Bug #34050 I/O thread disconnects/killed when replicating under load with partition tables
Submitted: 25 Jan 2008 4:40 Modified: 25 Jul 2008 19:31
Reporter: Omer Barnir (OCA) Email Updates:
Status: Can't repeat Impact on me:
None 
Category:MySQL Server: Replication Severity:S2 (Serious)
Version:5.1.23 OS:Any
Assigned to: Mats Kindahl CPU Architecture:Any

[25 Jan 2008 4:40] Omer Barnir
Description:
When running a load with 100 concurrent users when some of the users execute calls to the following SP:

CREATE PROCEDURE test.pinsdel2()
BEGIN
   DECLARE ins_count INT DEFAULT 100; #<--This should be changed to 1,000,000
   DECLARE del_count INT;
   DECLARE cur_user VARCHAR(255);
   DECLARE local_uuid VARCHAR(255);
   DECLARE local_time TIMESTAMP;

   SET local_time= NOW();
   SET cur_user = CURRENT_USER();
   SET local_uuid=UUID();

   WHILE ins_count > 0 DO
       INSERT INTO test.pinsdel2_tbl VALUES (NULL, local_time, cur_user, local_uuid,
                                    ins_count,'Going to test SBR for MySQL');
     SET ins_count = ins_count - 1;
   END WHILE;

   SELECT MAX(id) FROM test.pinsdel2_tbl INTO del_count;
   WHILE del_count > 0 DO
     DELETE FROM test.pinsdel2_tbl WHERE id = del_count;
   SET del_count = del_count - 2;
   END WHILE;
END|

delimiter ;|

The I/O replication thread disconnects every few seconds and then dies completely, when the test.pinsdel2 table is defined as:

CREATE TABLE test.pinsdel2_tbl(id MEDIUMINT NOT NULL AUTO_INCREMENT,
                           dt TIMESTAMP, user CHAR(255), uuidf LONGBLOB,
                           fkid MEDIUMINT, filler VARCHAR(255),
                           PRIMARY KEY(id))ENGINE=innodb
                                PARTITION BY RANGE(id)
                                SUBPARTITION BY hash(id) subpartitions 2
                                (PARTITION pa1 values less than (10),
                                 PARTITION pa2 values less than (20),
                                 PARTITION pa3 values less than (30),
                                 PARTITION pa4 values less than (40),
                                 PARTITION pa5 values less than (50),
                                 PARTITION pa6 values less than (60),
                                 PARTITION pa7 values less than (70),
                                 PARTITION pa8 values less than (80),
                                 PARTITION pa9 values less than (90),
                                 PARTITION pa10 values less than (100),
                                 PARTITION pa11 values less than MAXVALUE);

The problem is not observed when the table is defined without partitions, i.e:
eval CREATE TABLE test.pinsdel2_tbl(id MEDIUMINT NOT NULL AUTO_INCREMENT,
                           dt TIMESTAMP, user CHAR(255), uuidf LONGBLOB,
                           fkid MEDIUMINT, filler VARCHAR(255),
                           PRIMARY KEY(id))ENGINE=innodb;

The mode of replication does not seem to play a role in the above

How to repeat:
Isolation in progress, steps to be posted

Suggested fix:
I/O thread should not observe disconnects
[30 Jan 2008 0:56] Omer Barnir
How to repeat
=============
1) download the attached tar.gz file and extract it in the mysql-test directory
2) Start the server with:
   perl ./mysql-test-run.pl --suite=rpl --do-test=rpl_alter 
                            --mysqld=--innodb --start-and-exit 
   note: 'rpl_alter' is used so both master and slave will be stareted.
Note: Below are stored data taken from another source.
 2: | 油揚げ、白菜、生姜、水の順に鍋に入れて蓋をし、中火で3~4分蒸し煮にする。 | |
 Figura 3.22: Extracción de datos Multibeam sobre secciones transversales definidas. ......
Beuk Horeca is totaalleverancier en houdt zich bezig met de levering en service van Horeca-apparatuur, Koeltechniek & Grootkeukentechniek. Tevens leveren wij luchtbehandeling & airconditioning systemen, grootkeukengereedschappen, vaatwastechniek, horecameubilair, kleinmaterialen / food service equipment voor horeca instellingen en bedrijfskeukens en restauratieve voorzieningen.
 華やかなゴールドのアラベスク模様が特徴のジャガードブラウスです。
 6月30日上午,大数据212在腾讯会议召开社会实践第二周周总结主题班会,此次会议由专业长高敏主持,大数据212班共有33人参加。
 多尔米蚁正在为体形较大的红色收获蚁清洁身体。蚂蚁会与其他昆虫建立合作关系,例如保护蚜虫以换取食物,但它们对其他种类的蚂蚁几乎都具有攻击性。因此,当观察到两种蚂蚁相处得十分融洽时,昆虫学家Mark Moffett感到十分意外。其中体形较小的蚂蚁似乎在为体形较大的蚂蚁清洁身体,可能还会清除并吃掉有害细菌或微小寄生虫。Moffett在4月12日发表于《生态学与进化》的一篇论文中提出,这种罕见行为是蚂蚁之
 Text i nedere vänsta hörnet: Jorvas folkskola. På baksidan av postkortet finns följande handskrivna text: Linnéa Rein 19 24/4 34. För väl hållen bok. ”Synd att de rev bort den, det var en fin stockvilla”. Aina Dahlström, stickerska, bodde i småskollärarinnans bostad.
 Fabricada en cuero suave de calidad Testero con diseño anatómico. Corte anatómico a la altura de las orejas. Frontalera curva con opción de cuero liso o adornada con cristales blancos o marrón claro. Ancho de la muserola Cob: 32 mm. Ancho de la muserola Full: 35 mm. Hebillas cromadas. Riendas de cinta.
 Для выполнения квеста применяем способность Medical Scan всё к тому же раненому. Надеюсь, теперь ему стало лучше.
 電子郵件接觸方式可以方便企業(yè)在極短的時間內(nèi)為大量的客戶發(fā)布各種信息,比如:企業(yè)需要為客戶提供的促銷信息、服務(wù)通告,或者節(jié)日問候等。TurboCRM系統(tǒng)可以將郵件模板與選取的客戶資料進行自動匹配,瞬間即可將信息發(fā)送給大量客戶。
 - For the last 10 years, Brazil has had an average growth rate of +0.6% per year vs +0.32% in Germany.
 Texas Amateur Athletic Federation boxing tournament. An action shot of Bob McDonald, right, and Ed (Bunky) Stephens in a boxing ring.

It
         is not related to the test itself)
3) Using the client log into the slave and initiate a 'start slave' command
   >> Verify using 'show slave status' that replication is running
4) Start the 'stress test' using the following command
    perl ./mysql-test-run.pl --extern --stress --stress-init-file=rpl_init.txt 
         --stress-test-file=rpl_sys_test.txt --stress-threads=100 
         --stress-test-duration=600 --user=root 
         --socket=<path_to_mysql-test_dir>/var/tmp/master.sock 
    This will start a 10 minute stress test with 100 concurrent connections
    (on the screen you will see messages like 
        test_loop[0:0 0:4708]: TID 10 test: 'rpl_row_sys_pinsdel2'  
        Errors: No Errors. Test Passed OK
5) Once the test is completed, check the slave.err file in the var/log 
   directory. You will notice the I/O thread disconnecting and reconnecting a 
   few times and then killed permanently.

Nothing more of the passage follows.